I think I found an explanation.
You are using an ES6 Template Literal to construct your multi-line string.
According to the ECMAScript specs a
.. template literal component is interpreted as a sequence of Unicode
code points. The Template Value (TV) of a literal component is
described in terms of code unit values (SV, 11.8.4) contributed by the
various parts of the template literal component. As part of this
process, some Unicode code points within the template component are
interpreted as having a mathematical value (MV, 11.8.3). In
determining a TV, escape sequences are replaced by the UTF-16 code
unit(s) of the Unicode code point represented by the escape sequence.
The Template Raw Value (TRV) is similar to a Template Value with the
difference that in TRVs escape sequences are interpreted literally.
And below that, it is defined that:
The TRV of LineTerminatorSequence::<LF> is the code unit 0x000A (LINE
FEED).
The TRV of LineTerminatorSequence::<CR> is the code unit 0x000A (LINE FEED).
My interpretation here is, you always just get a line feed - regardless of the OS-specific new-line definitions when you use a template literal.
Finally, in JavaScript's regular expressions a
\n matches a line feed (U+000A).
which describes the observed behavior.
However, if you define a string literal '\r\n' or read text from a file stream, etc that contains OS-specific new-lines you have to deal with it.

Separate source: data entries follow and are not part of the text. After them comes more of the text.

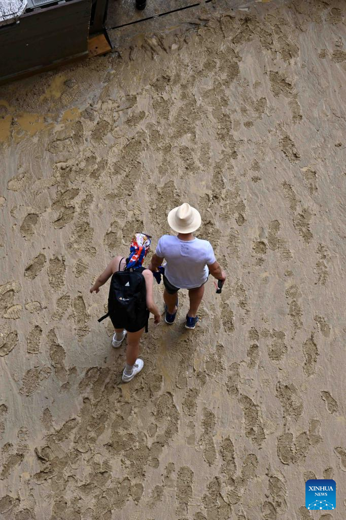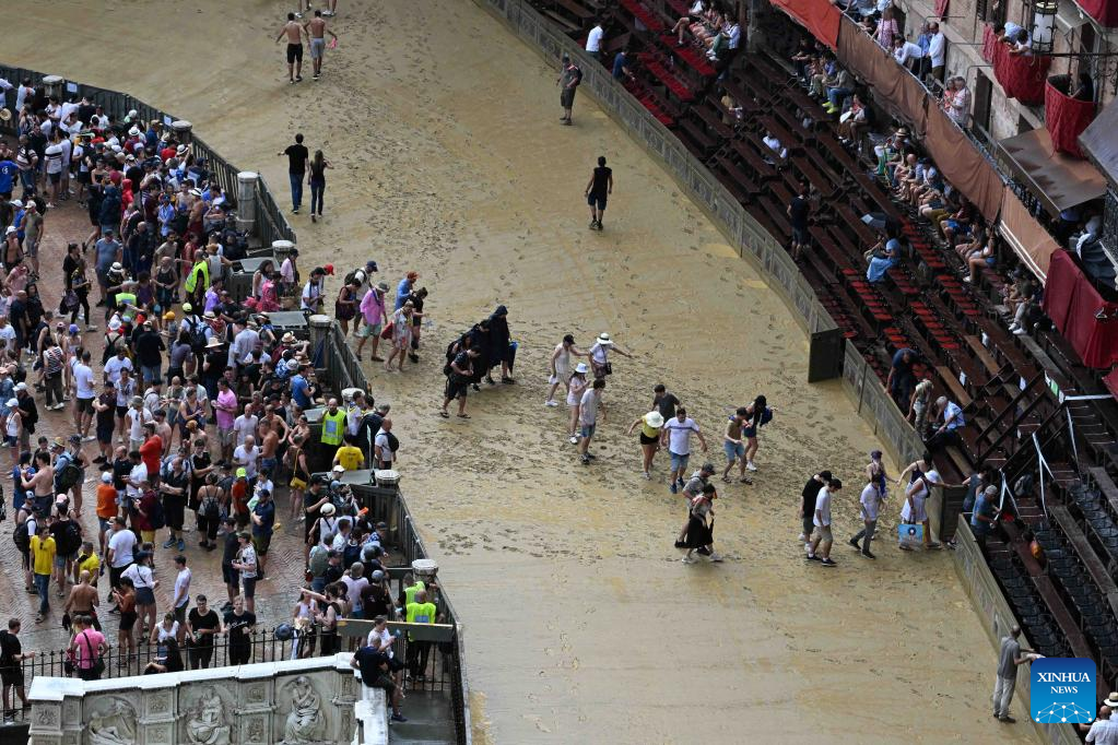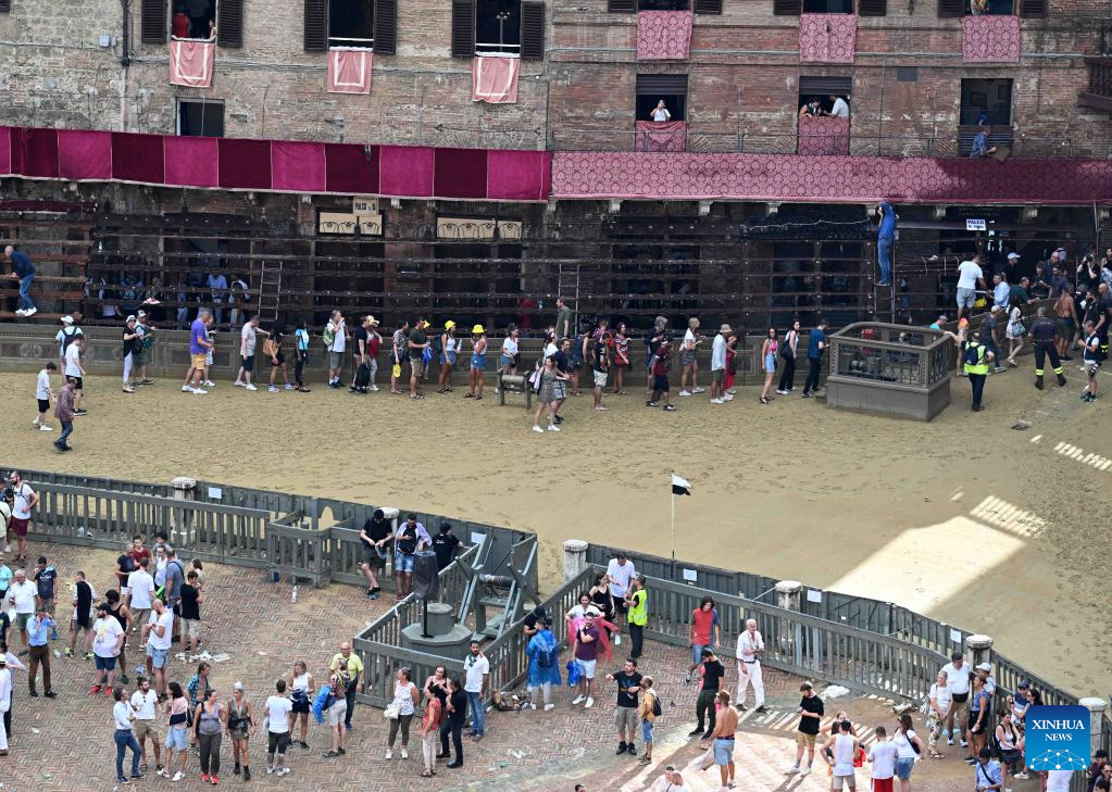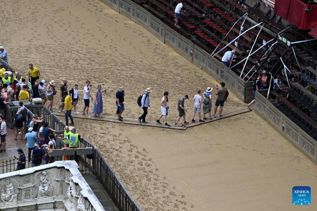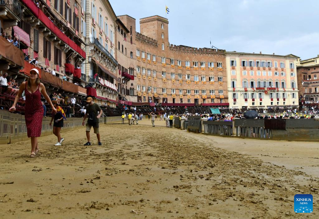 Spectators leave after the suspension of the horse race Palio in Siena, Italy, Aug. 16, 2022. The horse race Palio has been postponed to Aug. 17 due to the rain. The historical horse race Palio is held again this year after a two-year pause because of the COVID-19 pandemic. (Xinhua/Jin Mamengni)
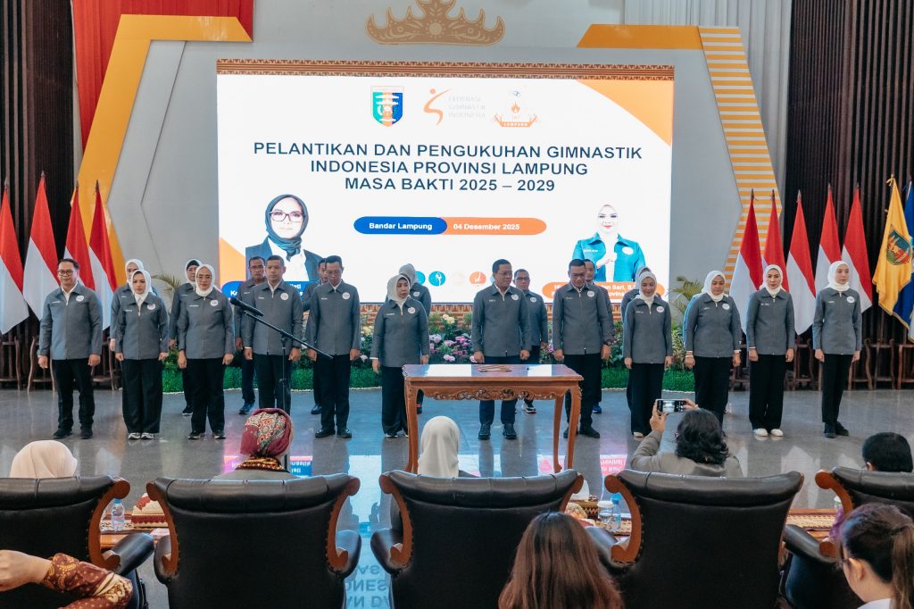 PORTALLNEWS.ID ( Bandar Lampung ) – Pengurus Gimnastik Indonesia Provinsi Lampung masa bakti 2025–2029 resmi dilantik di Mahan Agung, Kamis (4/12/2025). Kepengurusan baru yang diketuai Purnama Wulan Sari Mirza menargetkan peningkatan prestasi atlet senam Lampung dari nasional hingga ke kancah internasional.
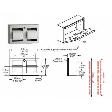 Doppelrollenhalter zum Einbau in die Wand TrimLine Bobrick Series. Es ist in einem einzigen Stück satiniertem ASI 304 Edelstahl geschweißt. Zum Nachfüllen des Papierspenders benötigen Sie einen Schlüssel, der zusammen mit dem Rollenhalter geliefert wird. Der Schaft der Toilettenpapierrollen besteht aus Edelstahl und ist gegen Diebstahl geschützt. Seine Abmessungen betragen 345 mm x 215 mm x 115 mm.
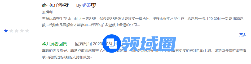 翻看谷歌及App Store的评论区,其中存在不少提及以上内容的玩家反馈。或许联系今年的游戏测试舆论风波中,《铃兰之剑》的卡池炎上事件的规模只是一场“毛毛雨”,但考虑目前仅为国际服的港澳台地区的小范围上线,这也让喜爱这款游戏的玩家不免为其捏把汗。
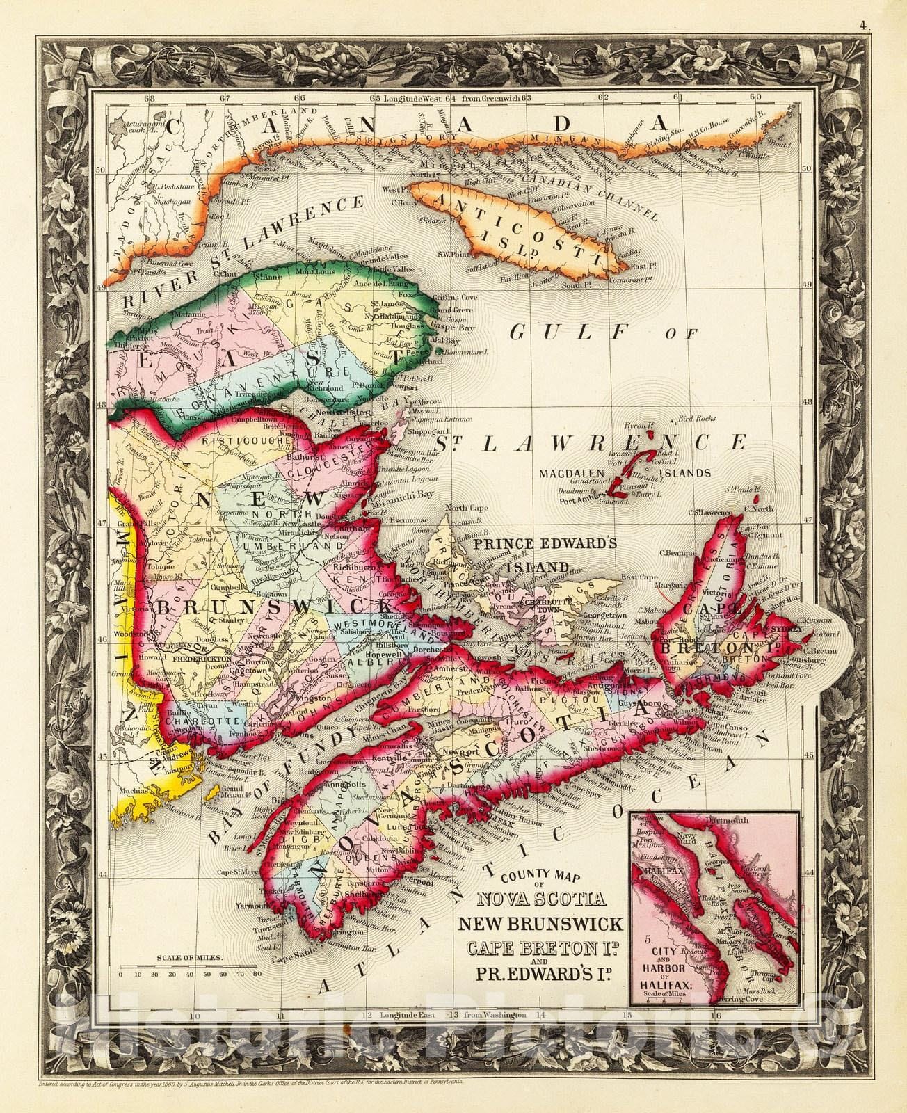 • .Historic Map : 1860 County Map Of Nova Scotia New Brunswick Cape Breton Id. And Pr. Edward's Id. - Vintage Wall Art
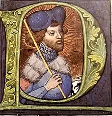 Roman King Wenceslaus. Detail from the Wenceslas Bible, 1390s.
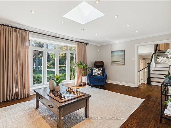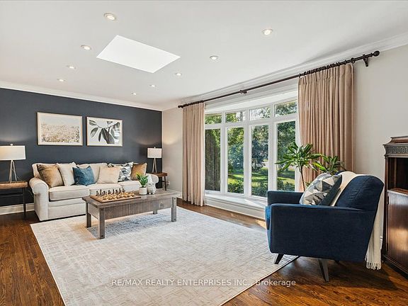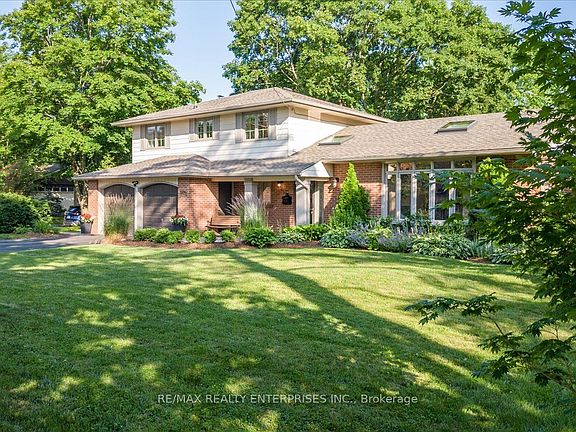 Lorne Park Family Home Sitting On An 80' X 125' Corner Lot, Siding Onto A Quiet Crt Location. Nestled Amongst Mature Trees & Offering Extensive Privacy. Landscaped Perennial Gardens ('21-'23), Fenced-In Yard, Interlock Front & Rear Patios, Deck ('20), Kids Play & Gas Line For BBQ - An Outdoor Retreat! 3 Levels of Finished Interior Living Incl Open Concept, Eat-In Kitchen W/Granite Counters, Under Cabinet Lighting & Sliding Door W/O. Open To A Designated Dining. Smooth Ceilings Throughout, Pot Lights Galore! Living Room Provides Crown Mouldings, Natural Sunlight Via Skylight & An Oversized Bow Window Facing Front Gardens. Renovated Main Flr Mud/Laundry W/W/O To Yard ('18). Family Room W/Tray Ceilings, Gas Fireplace, Custom B/In's. Plus 3rd W/O To Yard! Primary W/Bay Window Overlooking Garden, 4 Pc Ensuite, His/Her Closets. Finished Lower W/Rec. Room & Bedroom (+1)/Den/PlayRoom.

Here are some tests that demonstrate the behavior of template literals:
`a
b`.split('')
.map(function (char) {
console.log(char.charCodeAt(0));
});
(String.raw`a
b`).split('')
.map(function (char) {
console.log(char.charCodeAt(0));
});
'a\r\nb'.split('')
.map(function (char) {
console.log(char.charCodeAt(0));
});
"a\
b".split('')
.map(function (char) {
console.log(char.charCodeAt(0));
});
Interpreting the results:
char(97) = a, char(98) = b
char(10) = \n, char(13) = \r